Vmin1st0 = optr0_Y_ptr[Addr0];
Vmin2nd0 = optr1_Y_ptr[Addr1];

Vidxoff += Vc8;

Vcur0 = Vidx0;
Vcur0 |= Vin0 << Vc16; // (Vin0 << 16) | Vidx0

Vidx10 = Vidxoff + Vidxi10;

Vflag0 = (Vidx0 >= Vnum0);
Vflag10 = (Vidx10 >= Vnum1);
Vflag10 = Vflag10 | Vflag0;

Vcur0 = select(Vflag10, Vivld, Vcur0);

(Vmin1st0, Vcur0).minmax();
(Vmin2nd0, Vcur0).minmax();

optr0_Y_ptr[Addr0] = Vmin1st0;
optr1_Y_ptr[Addr1] = Vmin2nd0;
}

}

for (int I0 = 0; I0 < 1; I0++)
{
__agen Addr2;
__vector Vidx0, Vc;

Addr2 = I0;

Vidx0 = optr2_Y_ptr[Addr2];
Vc = 8;

Vidx0 += Vc;

optr2_Y_ptr[Addr2] = Vidx0;
}
}

---

However, this kernel code often produces incorrect results for the outputs "optr0_Y_ptr" and "optr1_Y_ptr" when "in1_num" is small (ex.16,32).

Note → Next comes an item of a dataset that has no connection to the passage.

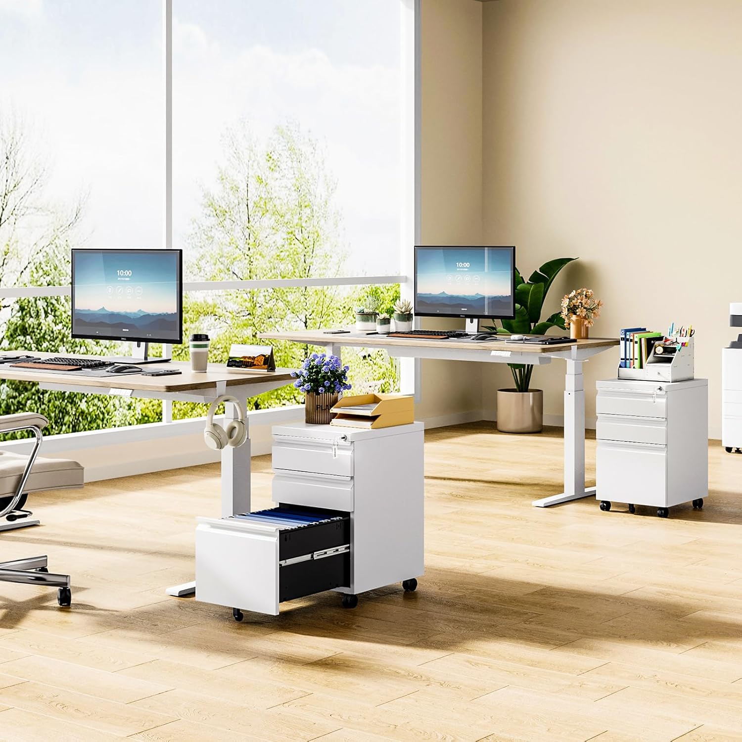 - 【Rolling Fill Cabinet 】: Equipped with 2 lockable casters + 2 x 360° swivel casters + 1x anti-tilt wheel, you can move it easily and safely. 360° swivel casters go to any direction easily, while lockable casters offer braking and the center support wheel prevents tipping.

Needless to say, the _vcop_vloop_done () function is called after the _vloops () function for this kernel code.

Do you know why this kind of failure happens?

Also, would you please let me know if there is anything wrong with this kernel code?

The version of the EVE compiler in use is arp32_1.0.7.

Best regards,

Yudai ISHIBASHI